Voila! We can use a two-sample T-test for this problem.

Let's find the p-value

# import the required functions
from scipy.stats import ttest_ind

# find the p-value
test_stat, p_value = ttest_ind(tvradio['Cable_TV'], tvradio['FM_Radio'], equal_var = True, alternative = 'two-sided')
print('The p-value is ' + str(p_value))

The p-value is 0.5491435225558506

Insight

As the p-value(~0.55) is much greater than the level of significance, we can not reject the null hypothesis. Hence, we do not have enough significance to conclude that there is any difference between daily TV and Radio usage at a 0.05 significance level.

Two Independent Sample T-test for Equality of Means - Unequal Std Dev

Let's revisit the example

SAT verbal scores of two groups of students are given in a CSV file. The first group, College, contains scores of students whose parents have at least a bachelor’s degree, and the second group, High School, contains scores of students whose parents do not have any college degree.

The Education Department is interested to know whether the sample data support the theory that students show a higher population mean verbal score on SAT if their parents attain a higher level of education.

Assuming SAT verbal scores for two populations are normally distributed, do we have enough statistical evidence for this at a 5% significance level?

Let's write the null hypothesis and alternative hypothesis

Let $\mu_1, \mu_2$ be the mean SAT verbal scores of College and High School groups respectively.

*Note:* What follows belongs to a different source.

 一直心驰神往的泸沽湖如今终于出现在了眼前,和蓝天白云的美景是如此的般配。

We will test the null hypothesis

$H_0:\mu_1=\mu_2$

against the alternate hypothesis

$H_a:\mu_1>\mu_2$

Let's have a look at the sample data

# import the data
satscore = pd.read_csv('SATVerbal1.csv')
satscore.head()

	College	High School
0	485	489.0
1	534	507.0
2	650	447.0
3	554	515.0
4	550	470.0

# find the sample means and sample standard deviations for the two samples
print('The mean SAT verbal score for College group is ' + str(satscore['College'].mean()))
print('The mean SAT verbal score for High School group is ' + str(satscore['High School'].mean()))
print('The standard deviation of SAT verbal score for College group is ' + str(round(satscore['College'].std(), 2)))
print('The standard deviation of SAT verbal score for High School group is ' + str(round(satscore['High School'].std(), 2)))

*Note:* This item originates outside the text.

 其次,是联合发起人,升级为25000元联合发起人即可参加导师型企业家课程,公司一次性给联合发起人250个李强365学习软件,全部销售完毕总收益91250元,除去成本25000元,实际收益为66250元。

The mean SAT verbal score for College group is 525.0
The mean SAT verbal score for High School group is 480.0
The standard deviation of SAT verbal score for College group is 59.42
The standard deviation of SAT verbal score for High School group is 31.1

Let's test whether the T-test assumptions are satisfied or not

• Continuous data - Yes, the SAT score is measured on a continuous scale.
• Normally distributed populations - Yes, we are informed that the populations are assumed to be normal.
• Independent populations - As we are taking random samples for two different groups, the two samples are from two independent populations.
• Unequal population standard deviations - As the sample standard deviations are different, the population standard deviations can be assumed to be different.
• Random sampling from the population - Yes, we are informed that the collected sample is a simple random sample.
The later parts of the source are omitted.